The H₂S component had the highest odor quotient in the manure storage tank—especially H₂S and SKT, which generated strong odors with an odor quotient of over 10,000. The main malodorous substances were confirmed to be H₂S, SKT, NH₃, CH₃SH, p-CRE, and iso-VA. Sulfur compounds showed the highest odor contribution (86.4%), followed by INDs and nitrogen compounds.

4. Conclusions

This study investigated the characteristics of malodorous substances generated from a livestock building (nursery, growing, and finishing pig houses), a compost facility, and a manure storage tank on a swine farm located in a region with high concentrations of swine farms on Jeju Island. A total of 26 malodorous substances, including 22 malodorous substances designated by the Korean Ministry of Environment, two types of PHEs, and two types of INDs, which are known as key malodorous substances in swine farms, were collected and analyzed.
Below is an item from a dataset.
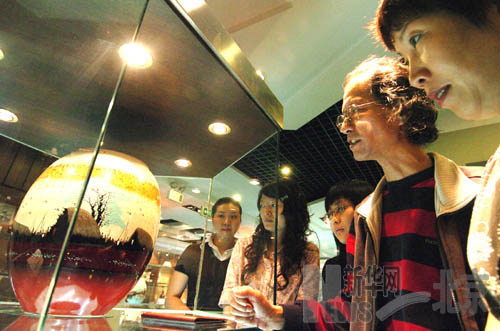 9月21日,江西省工艺美术大师方文贤(右二)在北京王府井景德镇陶瓷城向观众介绍他的作品——色釉彩绘“初春”瓶。

The concentration of NH₃ in the manure storage tank was the highest, and it caused irritation to the eyes, nose, and skin, requiring environmental and health care for workers. TMA exhibited a high concentration in the growing pig house. Four types of sulfur compounds exhibited the highest concentrations in the manure storage tank; H₂S was at levels that irritate the eyes and respiratory tract of workers. Aldehyde compounds and VOCs were not detected or were below the emission limits set by the Ministry of Environment; they were thus not considered key malodorous substances on swine farms. VFAs exhibited high concentrations in the livestock building, but low concentrations in the manure storage tank. High concentrations of p-CRE, IND, and SKT were observed in the manure storage tank, but had low concentrations in the compost facility.
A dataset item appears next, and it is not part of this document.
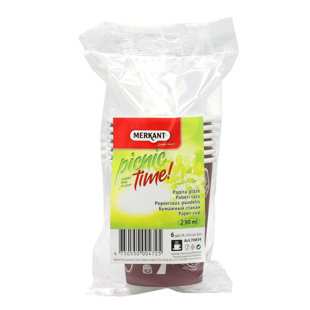 Papīra glāzes 230ml ø80mm 1sl, 6 gab.

Swine farms on Jeju Island mainly target and manage NH₃ and H₂S. However, in livestock buildings, sulfur compounds most significantly contribute to odor emissions, followed by VFAs, PHEs, and INDs—all of which contribute more than nitrogen compounds. In the compost facility, the contributions of VFAs, PHEs and INDs surpassed those of nitrogen or sulfur compounds, underscoring the need for the effective management of VFAs, PHEs, and INDs. Furthermore, in the manure storage tank, sulfur compounds accounted for 86.4% of the odor contribution, emphasizing the more urgent need for targeted odor management related to a series of sulfur compounds compared to other components. These findings highlight the variability in the types and quantities of odors generated depending on the specific facility within a swine farm. Therefore, we recommend tailoring odor management strategies on swine farms based on the unique characteristics of each facility and the source of emissions.